# Work order
Write every record below out exactly; no images.

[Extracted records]

^^^^^^^^^^^^^^^^

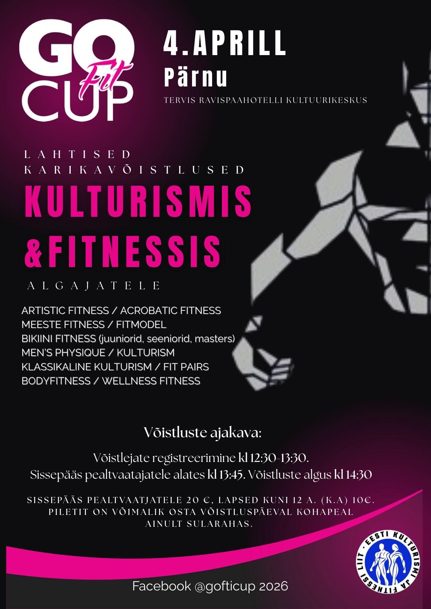 Korraldame 4.04.2026 Go Fit Cup 2026 võistlust, mis on mõeldud algajatele kulturismi ja fitnessivõistlejatele! Samuti toimuvad meie võistluse raames Eesti karikavõistlused lastefitnessis!
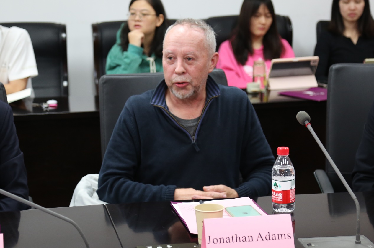 麻豆视频 外籍教授Jonathan Adams分享了自己在麻豆视频 的科研经历与任教感悟,并对两位教授的来访表示欢迎,希望能有机会进一步交流。
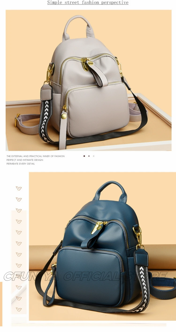 CFUN YA New Trend Luxury Real Leather Backpack Women Multifunction Female Shoulder Cross Bag Lady Handbag Students Schoolbag
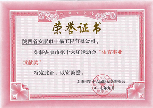 公司獲安康市第十六屆運動會“體育事業貢獻獎”
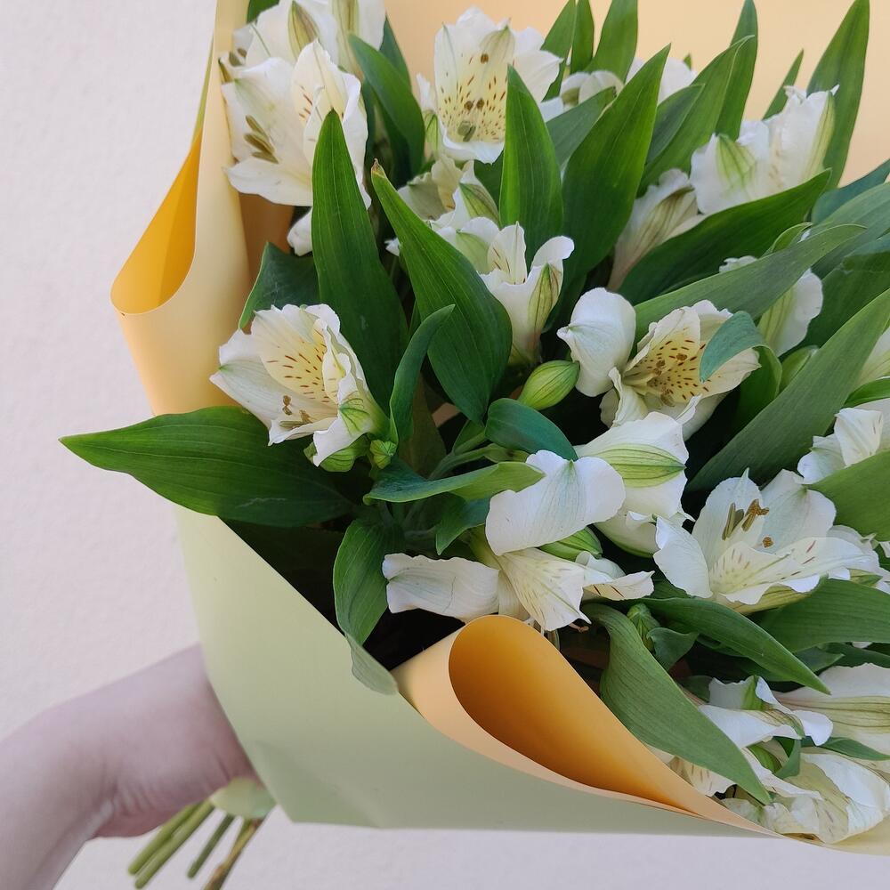 Альстромерия – 7 шт.Салал – 3 шт.Лента атласная – 2 шт.Упаковка дизайнерская – 3 шт.
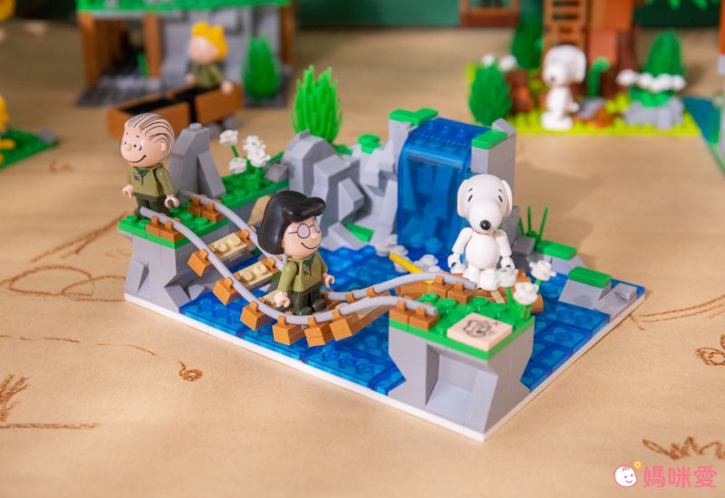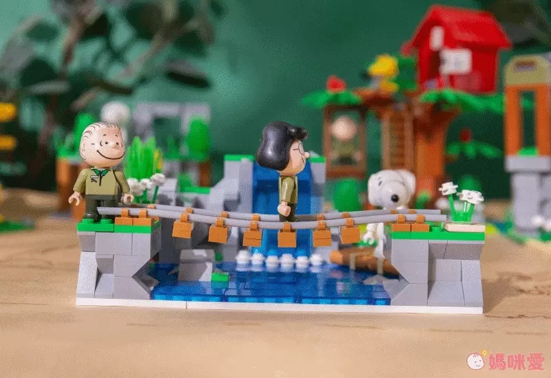 這組的特色是有一艘可愛的獨木舟!還有船槳可以讓史努比和朋友們拿著滑啊滑~吊橋的終點有一張藏寶圖,可以讓寶貝找找看神秘的寶藏被埋在哪裡?

^^^^^^^^^^^^^^^^

# Task solution
 Korraldame 4.04.2026 Go Fit Cup 2026 võistlust, mis on mõeldud algajatele kulturismi ja fitnessivõistlejatele! Samuti toimuvad meie võistluse raames Eesti karikavõistlused lastefitnessis!
 麻豆视频 外籍教授Jonathan Adams分享了自己在麻豆视频 的科研经历与任教感悟,并对两位教授的来访表示欢迎,希望能有机会进一步交流。
 CFUN YA New Trend Luxury Real Leather Backpack Women Multifunction Female Shoulder Cross Bag Lady Handbag Students Schoolbag
 公司獲安康市第十六屆運動會“體育事業貢獻獎”
 Альстромерия – 7 шт.Салал – 3 шт.Лента атласная – 2 шт.Упаковка дизайнерская – 3 шт.
 這組的特色是有一艘可愛的獨木舟!還有船槳可以讓史努比和朋友們拿著滑啊滑~吊橋的終點有一張藏寶圖,可以讓寶貝找找看神秘的寶藏被埋在哪裡?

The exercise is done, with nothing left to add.